Since there have been more young boys diagnosed than young girls, the diagnosing criteria contained in the DSM V, have been taken from mostly male samples, this has unintentionally led to gender bias (Kok, F. M, 2016). The DSM V has two main categories/criteria for diagnosing ADHD, the first is inattentiveness and the second is hyperactivity/impulsivity. Girls are more likely to have problems with inattention, these symptoms are much less disruptive in a classroom or home setting, than hyperactivity and impulsivity which is more often displayed by males externally. This leads to teachers referring boys more often than girls for diagnosis. That doesn’t mean that girls are less hyper than boys when it comes having ADHD, girls tend to internalize their symptoms, more than boys do and because of the gender differences their hyperactivity isn’t always manifested in the same ways.
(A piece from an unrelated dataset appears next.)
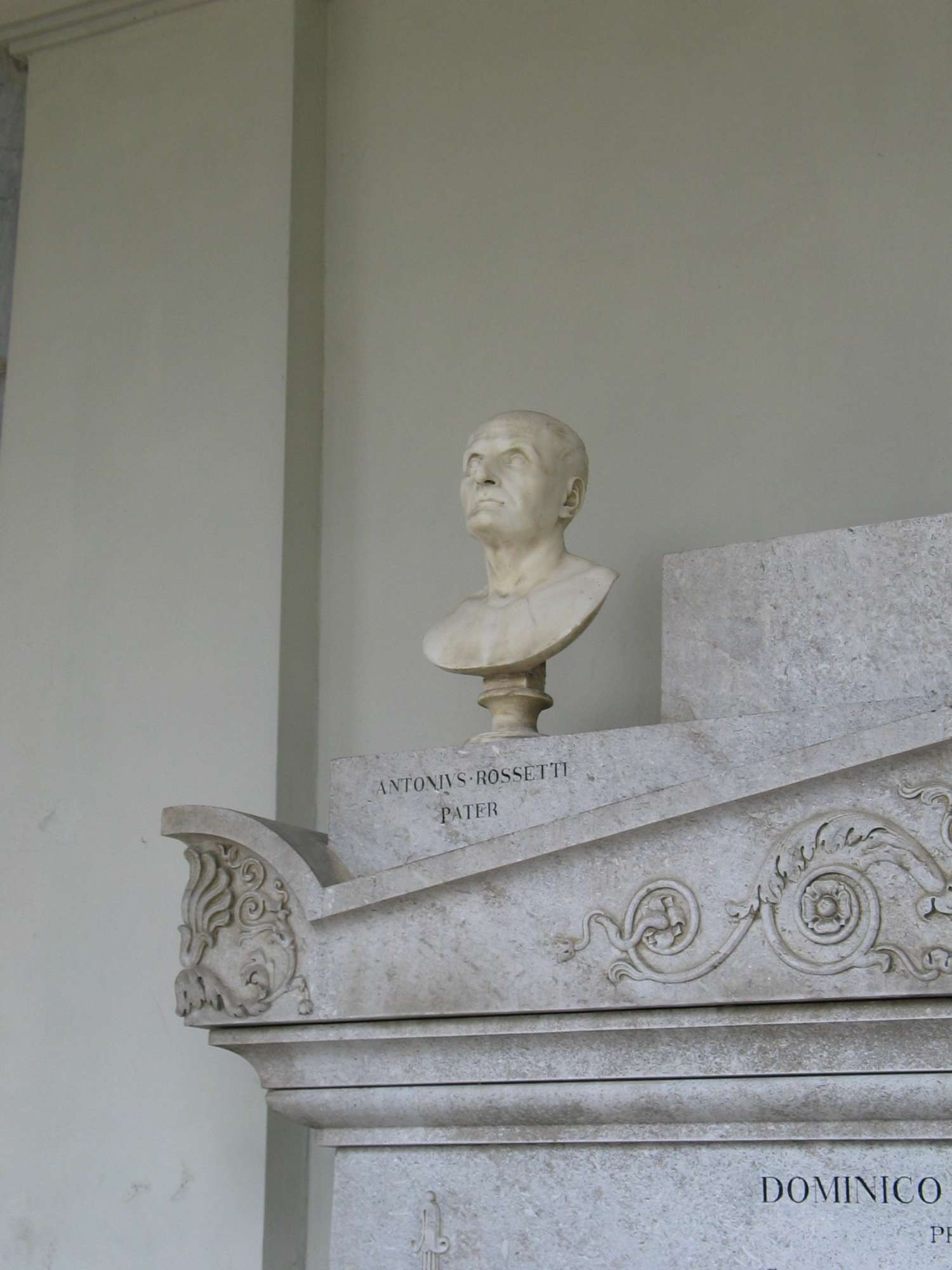 Sulla sommità di un grande sarcofago di ispirazione classica addossata al muro di fondo sono collocati l'erma di Domenico Rossetti, affiancata dai busti dei genitori Antonio Rossetti (Fiume 1722-Trieste 1814) e Orsola nata Perinello (1732-1812). Il frontone del coperchio del sarcofago è decorato da un rilievo raffigurante una farfalla circondata da due rami di alloro disposti a corona e affiancata da girali vegetali. Ai lati dell'iscrizione sono poste due fiaccole accese rovesciate.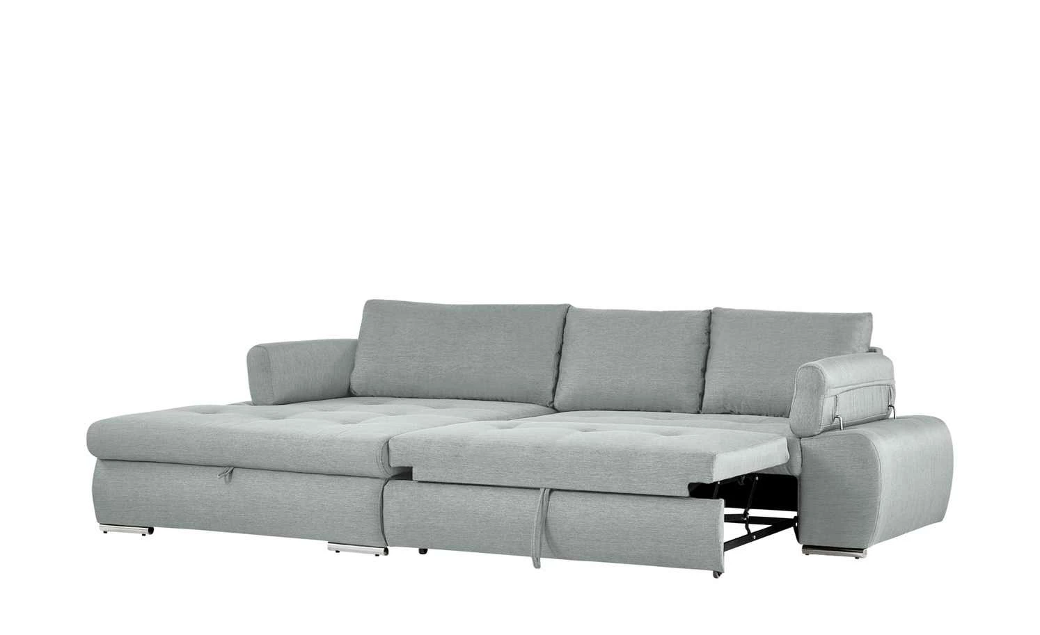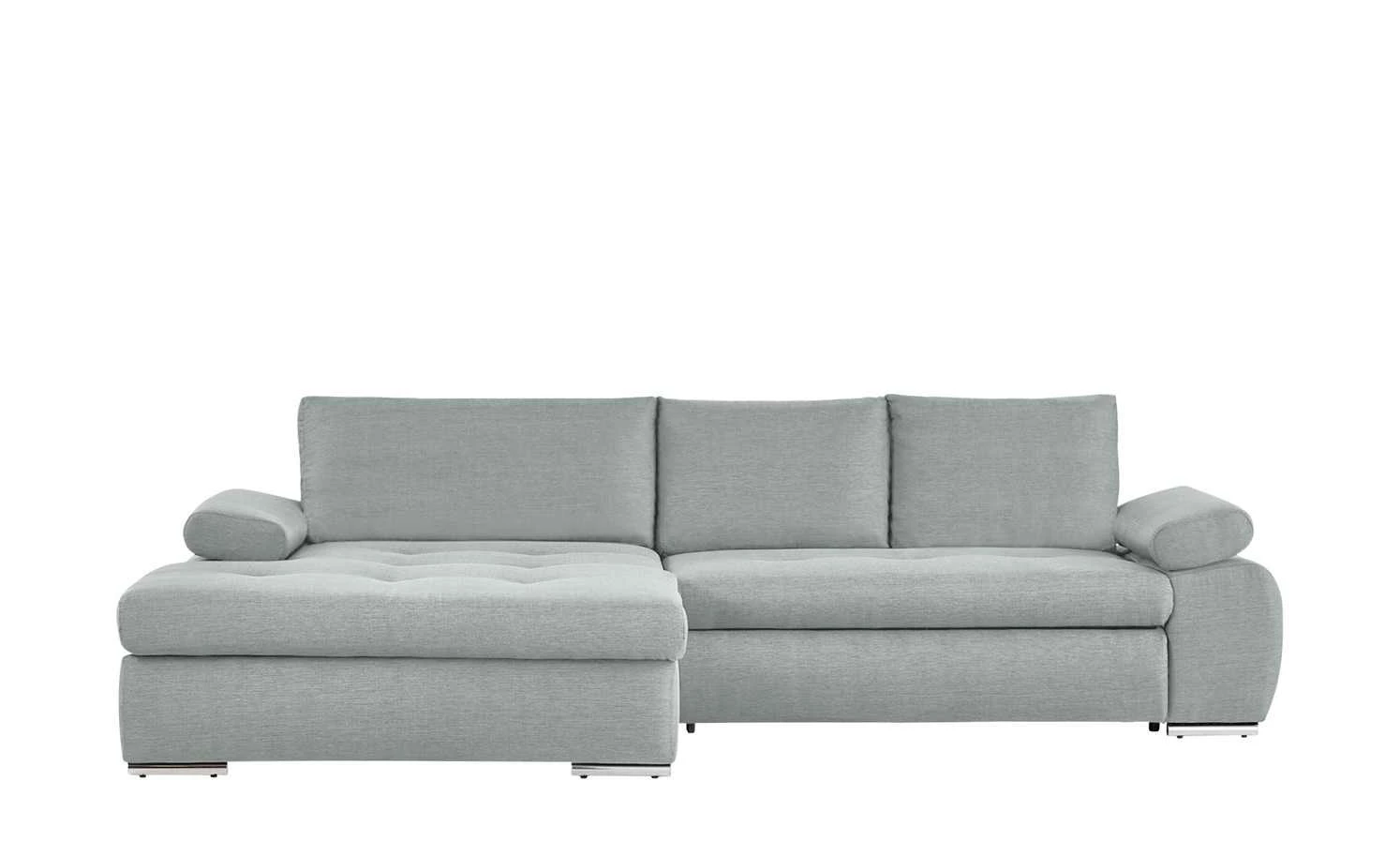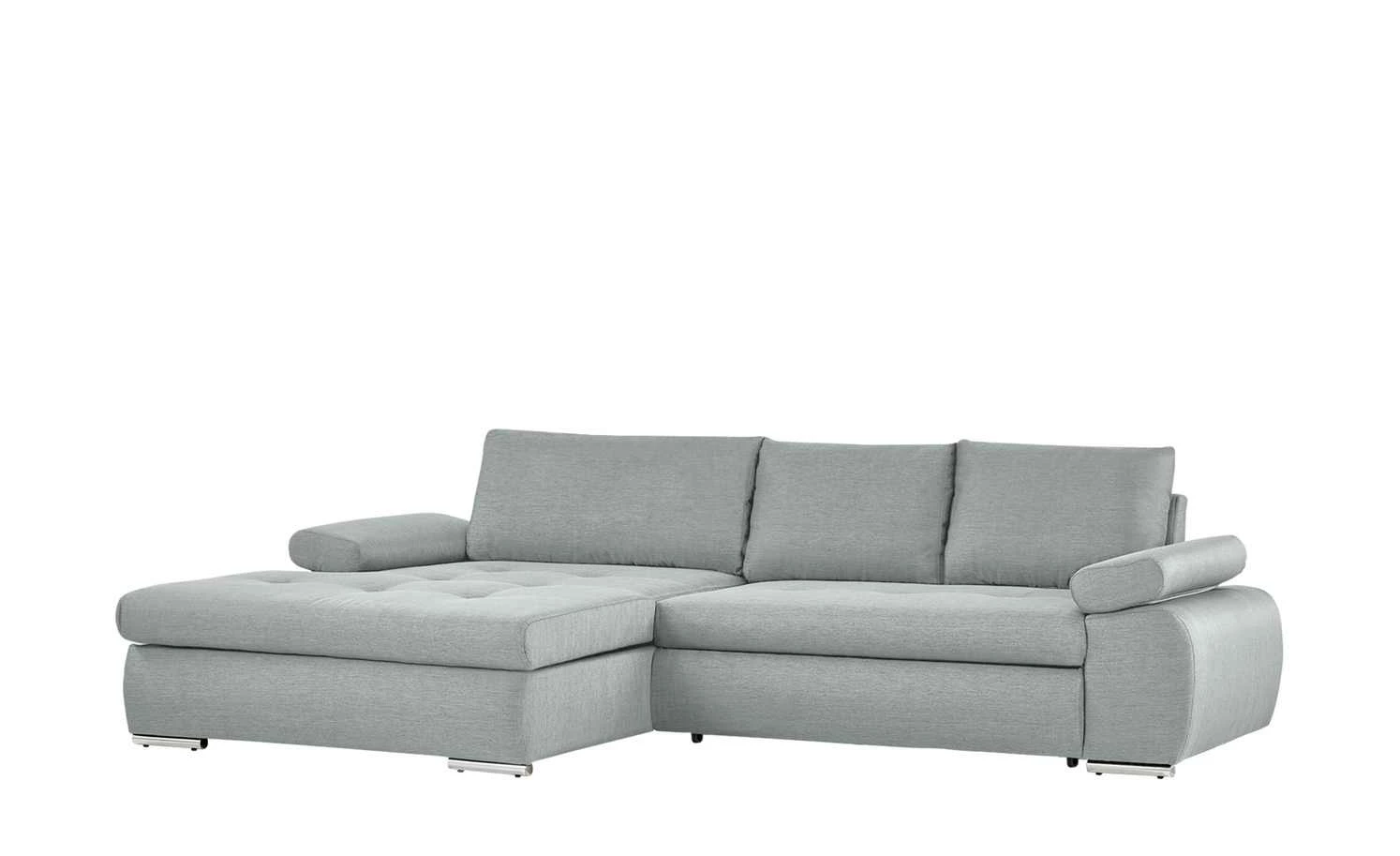 Das Ecksofa Ibby mit seiner weitläufigen L-Form bietet viel Platz zum Entspannen und Erholen. Die Sitzfläche ist mit einer Wellenunterfederung ausgestattet. Darauf befindet sich eine Polsterung aus Schaumstoff, die sich auch im Rückenbereich und den Armlehnen wiederfindet. Somit ist ein angenehmes Sitzen und Liegen gewährleistet. Für noch mehr Komfort sind drei Rückenkissen im Lieferumfang enthalten. Die Armlehnen lassen sich individuell verstellen. Ein weiteres Highlight von Ibby ist die Schlaffunktion: Ziehen Sie Ibby einfach zum Gästebett aus. Im großzügigen Bettkasten unter der Sitzfläche können Sie zum Beispiel Bettwäsche für den Besuch verstauen. Ibby ist rundum mit einem einfarbigen Stoff bezogen. So können Sie Ibby auch frei in den Wohnraum stellen. Wählen Sie aus verschiedenen strapazierfähigen Stoffbezügen und bestimmen Sie die Gestaltung Ihres Sofas ganz einfach selbst.

The most common symptoms of hyperactivity in females are: hyper-talkativeness, high arousal, fidgeting, flight of thoughts, internal restlessness, and emotional reactivity (Glaser Holthe M. E., 2017). The most common symptoms of inattention in females are: forgetfulness, internalizing symptoms, daydreaming, disorganization, low arousal, impulsivity by the way of interrupting others, they say may say whatever comes to mind, and suddenly change directions in life (Glaser Holthe M. E., 2017). These symptoms are usually thought to be signs of emotional difficulties, disciplinary problems, and learning or attention difficulties, rather than symptoms of ADHD (Glaser Holthe M. E., 2017) . It is not uncommon for females to be diagnosed with anxiety or depression and put on an antidepressants before they receive treatment for ADHD (Quinn, P. O., 2014). The reason for this is because of the ADHD symptoms that females present, and were discussed previously. An example of this would be a female patient diagnosed with a persistent depressive disorder, based on symptoms of low arousal, which is also a symptom that stems from inattention a characteristic ADHD. Females may also present to their clinician symptoms of impulsivity and having unusually high energy and be diagnosed as being bipolar instead of having ADHD. It’s this comorbidity along with the bias of gender that can keep girls and women from receiving the proper diagnosis of ADHD. In a nationwide survey it was reported that more young girls than young boys were treated with antidepressants before receiving ADHD treatment (14% vs 5%), this supports the idea that medication used for therapy in females tends to be targeted toward non-ADHD conditions (Quinn, P. O., 2014).